The risks of a child having CF if both biological parents are carriers with one gene mutation are as follows:
- 25% risk that the child will neither have nor be a carrier of CF
- 50% risk that the child will be a carrier of CF but not have the condition
- 25% risk that the child will have CF
Currently, researchers know of more than 1,700 mutations that can cause CF. Screening tests only look at the most common ones, so it is possible an infant may have CF even if screening tests come back negative.
The following sections provide answers to frequently asked questions about CF.
Who is most likely to get cystic fibrosis?
According to the American Lung Association, CF is most common in Caucasian people. However, individuals of every race and ethnicity can have the condition.
Is cystic fibrosis still terminal?
CF still has no cure. Treatments have come a long way and allow people to live into their 40s and beyond. Studies continue to look for a cure and ways to increase quality of life.

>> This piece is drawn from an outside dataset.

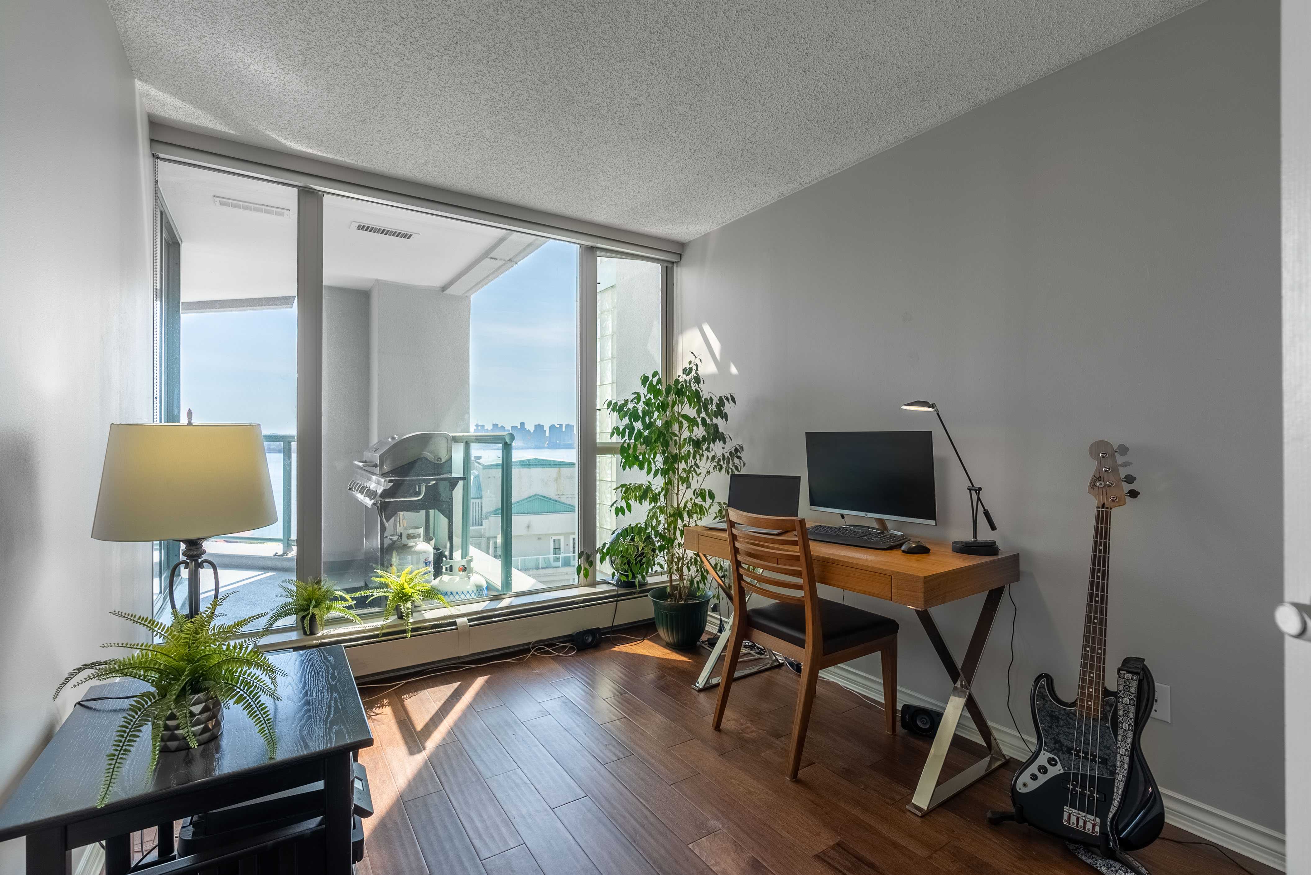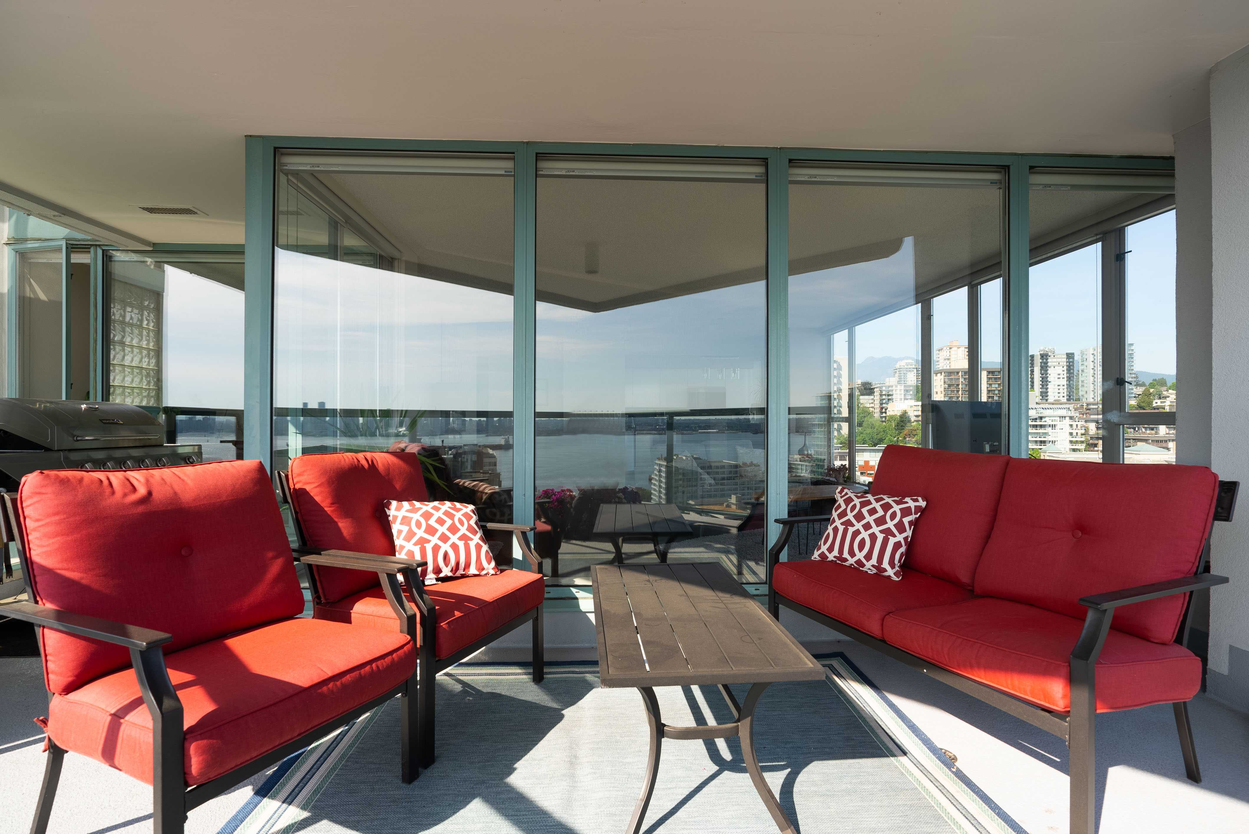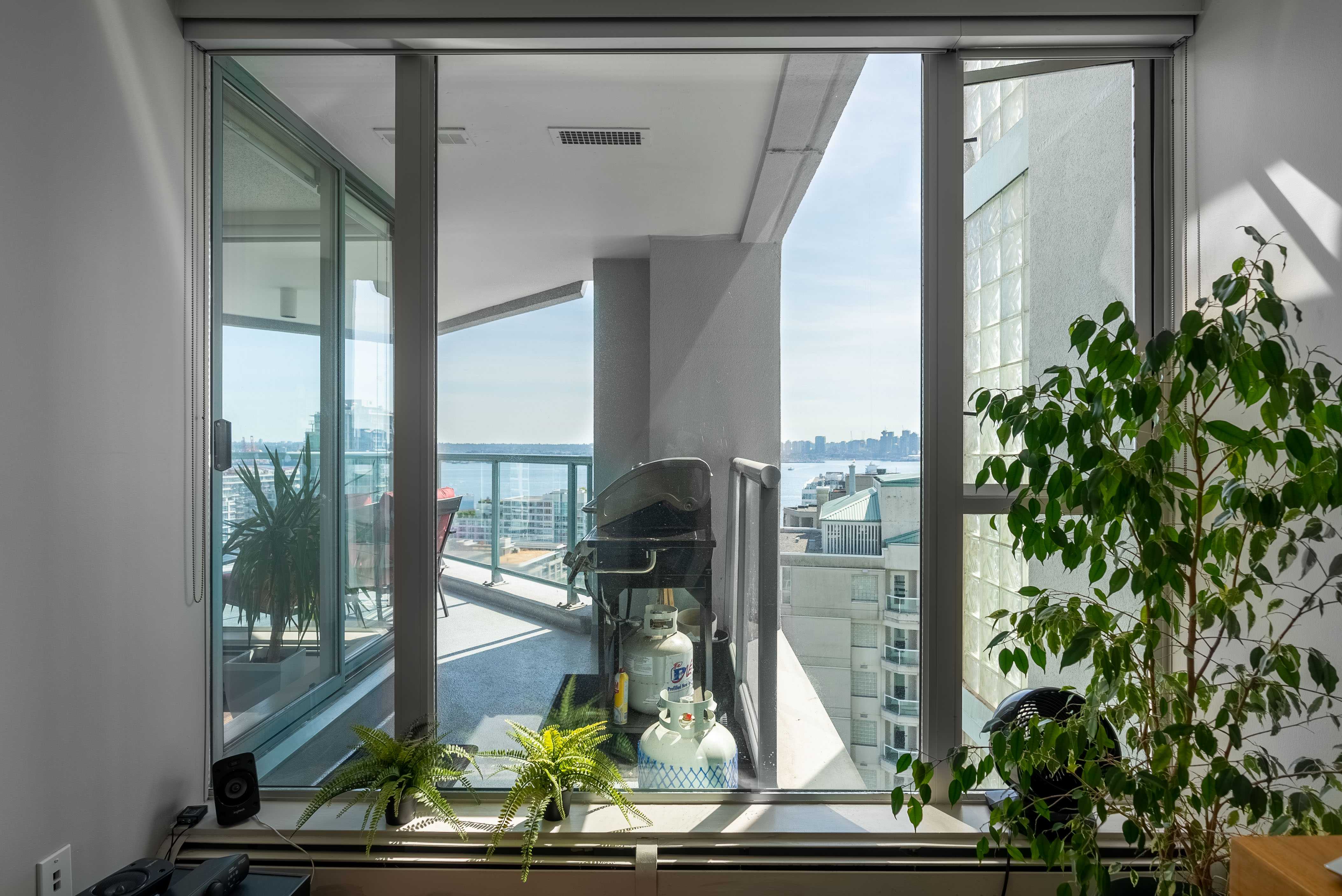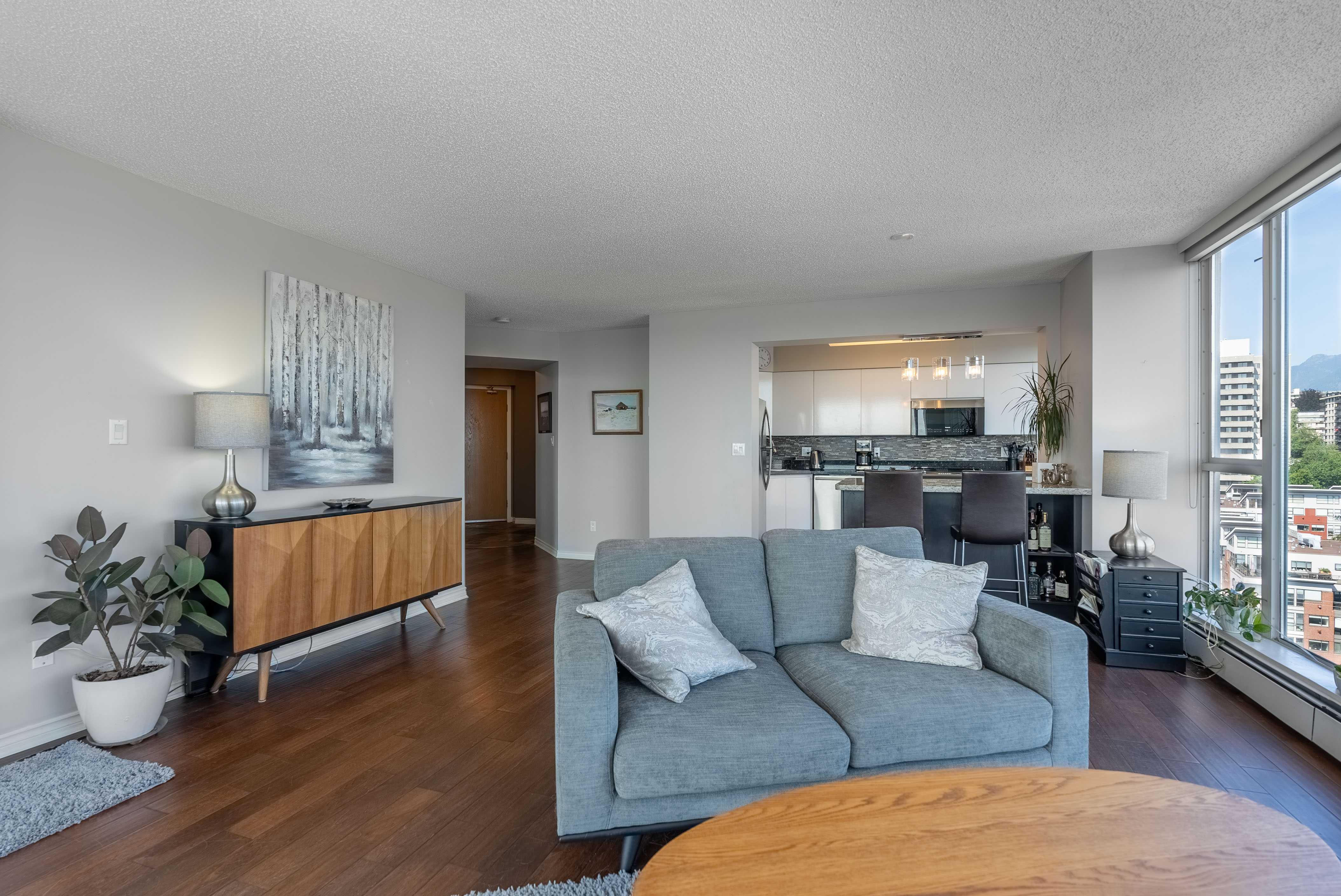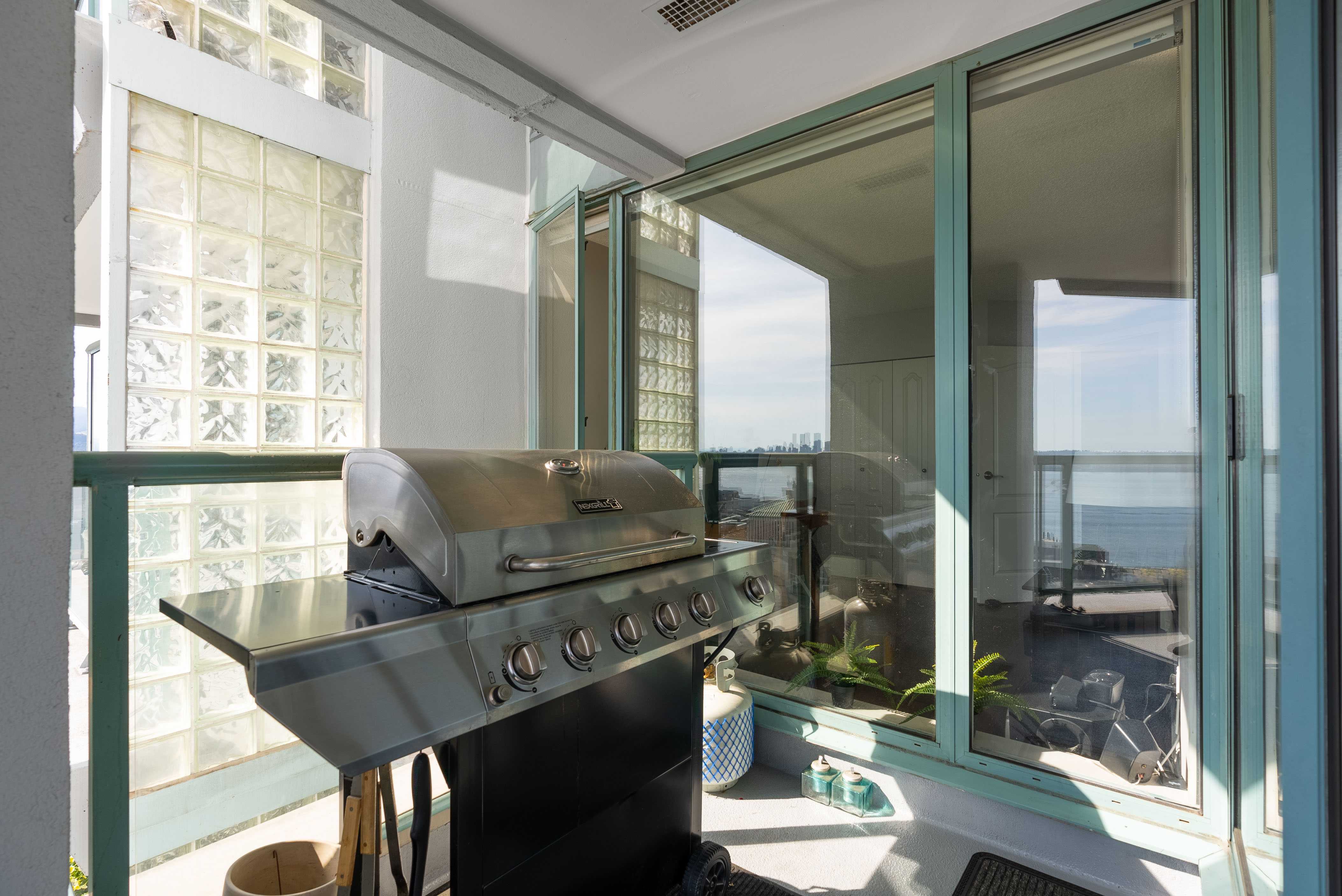 Unobstructed panoramic city & water views from way up on high! The 15th floor sees over local buildings! Views of Van City skyline, Burrard Inlet, Lions Gate Bridge, Mt. Baker, Metrotown/Burnaby Skyline and the North Shore Mountains. Sleek tiled entry, floor to ceiling windows and mesh/blackout blinds compliment the modern/renovated open concept floor plan. Updated kitchen boasts stainless steel appliances, granite tops. Both bathrooms updated with marble or granite themes. Solid dark flooring throughout. Bedrooms on opposite sides of home for privacy. Great closet space. Insuite laundry/built in vac. Plenty of storage.*Enjoy the outdoor pool, exercise centre. 2 underground parking spots. 1 storage locker. Walk to the Seabus. Absolute prime LOLO location; restaurants, cafes, shopping, Lonsdale Quay!

What are the odds of getting cystic fibrosis?
Both biological parents need to be carriers for someone to have CF. If both parents carry one mutated gene, their child has a 25% or 1 in 4 risk of developing CF.
Cystic fibrosis (CF) is a genetic condition that affects anywhere from 70,000 to around 162,428 people worldwide. It affects both adults and children.
A person needs to inherit two mutated copies of the CF gene to have CF. This means both biological parents need to be carriers for the individual to have CF.
Treatments have improved greatly over the past several decades, allowing people to live longer and healthier lives with CF.